EXERCISE GOAL — This exercise asks for the entries below to be printed exactly.
==== RECORDS SHOWN
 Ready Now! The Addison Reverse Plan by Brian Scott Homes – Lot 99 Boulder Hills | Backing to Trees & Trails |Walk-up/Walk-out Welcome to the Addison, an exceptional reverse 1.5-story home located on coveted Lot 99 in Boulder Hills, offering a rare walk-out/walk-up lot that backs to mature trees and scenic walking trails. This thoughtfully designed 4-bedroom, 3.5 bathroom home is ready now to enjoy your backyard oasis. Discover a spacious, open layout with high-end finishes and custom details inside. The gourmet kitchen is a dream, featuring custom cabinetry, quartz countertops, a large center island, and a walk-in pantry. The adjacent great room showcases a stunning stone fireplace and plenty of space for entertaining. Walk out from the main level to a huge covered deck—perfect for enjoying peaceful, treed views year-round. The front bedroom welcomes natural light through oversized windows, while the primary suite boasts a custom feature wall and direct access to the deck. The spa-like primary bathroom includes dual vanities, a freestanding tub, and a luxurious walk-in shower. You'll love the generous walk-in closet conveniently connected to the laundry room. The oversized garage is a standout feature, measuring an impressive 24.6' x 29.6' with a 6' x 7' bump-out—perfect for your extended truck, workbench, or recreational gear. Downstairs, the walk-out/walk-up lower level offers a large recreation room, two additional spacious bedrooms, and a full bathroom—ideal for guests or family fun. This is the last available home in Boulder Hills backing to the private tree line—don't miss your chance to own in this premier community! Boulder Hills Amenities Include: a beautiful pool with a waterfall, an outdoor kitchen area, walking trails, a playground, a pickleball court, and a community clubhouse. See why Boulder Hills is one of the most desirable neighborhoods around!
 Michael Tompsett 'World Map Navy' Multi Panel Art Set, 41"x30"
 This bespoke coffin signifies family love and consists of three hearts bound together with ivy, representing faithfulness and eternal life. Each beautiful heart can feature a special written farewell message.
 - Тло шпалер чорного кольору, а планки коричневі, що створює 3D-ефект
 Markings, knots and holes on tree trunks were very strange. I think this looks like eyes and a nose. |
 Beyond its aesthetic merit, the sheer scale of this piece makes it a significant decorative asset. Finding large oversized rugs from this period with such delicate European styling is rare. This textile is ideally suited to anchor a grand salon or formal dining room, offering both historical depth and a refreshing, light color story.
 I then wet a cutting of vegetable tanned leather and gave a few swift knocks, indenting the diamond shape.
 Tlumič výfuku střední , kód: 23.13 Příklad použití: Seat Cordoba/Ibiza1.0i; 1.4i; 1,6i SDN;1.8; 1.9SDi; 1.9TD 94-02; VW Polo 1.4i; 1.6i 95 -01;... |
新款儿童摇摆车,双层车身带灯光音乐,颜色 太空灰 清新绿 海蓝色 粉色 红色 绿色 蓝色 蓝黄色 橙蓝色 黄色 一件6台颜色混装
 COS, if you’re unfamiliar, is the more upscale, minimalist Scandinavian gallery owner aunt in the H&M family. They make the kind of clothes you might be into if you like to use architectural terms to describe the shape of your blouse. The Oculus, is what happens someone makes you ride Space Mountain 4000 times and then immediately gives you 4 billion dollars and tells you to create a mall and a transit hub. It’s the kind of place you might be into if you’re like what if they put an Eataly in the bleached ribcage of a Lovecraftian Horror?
========
ANSWER TO THE PROBLEM —
 Ready Now! The Addison Reverse Plan by Brian Scott Homes – Lot 99 Boulder Hills | Backing to Trees & Trails |Walk-up/Walk-out Welcome to the Addison, an exceptional reverse 1.5-story home located on coveted Lot 99 in Boulder Hills, offering a rare walk-out/walk-up lot that backs to mature trees and scenic walking trails. This thoughtfully designed 4-bedroom, 3.5 bathroom home is ready now to enjoy your backyard oasis. Discover a spacious, open layout with high-end finishes and custom details inside. The gourmet kitchen is a dream, featuring custom cabinetry, quartz countertops, a large center island, and a walk-in pantry. The adjacent great room showcases a stunning stone fireplace and plenty of space for entertaining. Walk out from the main level to a huge covered deck—perfect for enjoying peaceful, treed views year-round. The front bedroom welcomes natural light through oversized windows, while the primary suite boasts a custom feature wall and direct access to the deck. The spa-like primary bathroom includes dual vanities, a freestanding tub, and a luxurious walk-in shower. You'll love the generous walk-in closet conveniently connected to the laundry room. The oversized garage is a standout feature, measuring an impressive 24.6' x 29.6' with a 6' x 7' bump-out—perfect for your extended truck, workbench, or recreational gear. Downstairs, the walk-out/walk-up lower level offers a large recreation room, two additional spacious bedrooms, and a full bathroom—ideal for guests or family fun. This is the last available home in Boulder Hills backing to the private tree line—don't miss your chance to own in this premier community! Boulder Hills Amenities Include: a beautiful pool with a waterfall, an outdoor kitchen area, walking trails, a playground, a pickleball court, and a community clubhouse. See why Boulder Hills is one of the most desirable neighborhoods around!
 Michael Tompsett 'World Map Navy' Multi Panel Art Set, 41"x30"
 This bespoke coffin signifies family love and consists of three hearts bound together with ivy, representing faithfulness and eternal life. Each beautiful heart can feature a special written farewell message.
 - Тло шпалер чорного кольору, а планки коричневі, що створює 3D-ефект
 Markings, knots and holes on tree trunks were very strange. I think this looks like eyes and a nose. |
 Beyond its aesthetic merit, the sheer scale of this piece makes it a significant decorative asset. Finding large oversized rugs from this period with such delicate European styling is rare. This textile is ideally suited to anchor a grand salon or formal dining room, offering both historical depth and a refreshing, light color story.
 I then wet a cutting of vegetable tanned leather and gave a few swift knocks, indenting the diamond shape.
 Tlumič výfuku střední , kód: 23.13 Příklad použití: Seat Cordoba/Ibiza1.0i; 1.4i; 1,6i SDN;1.8; 1.9SDi; 1.9TD 94-02; VW Polo 1.4i; 1.6i 95 -01;... |
新款儿童摇摆车,双层车身带灯光音乐,颜色 太空灰 清新绿 海蓝色 粉色 红色 绿色 蓝色 蓝黄色 橙蓝色 黄色 一件6台颜色混装
 COS, if you’re unfamiliar, is the more upscale, minimalist Scandinavian gallery owner aunt in the H&M family. They make the kind of clothes you might be into if you like to use architectural terms to describe the shape of your blouse. The Oculus, is what happens someone makes you ride Space Mountain 4000 times and then immediately gives you 4 billion dollars and tells you to create a mall and a transit hub. It’s the kind of place you might be into if you’re like what if they put an Eataly in the bleached ribcage of a Lovecraftian Horror?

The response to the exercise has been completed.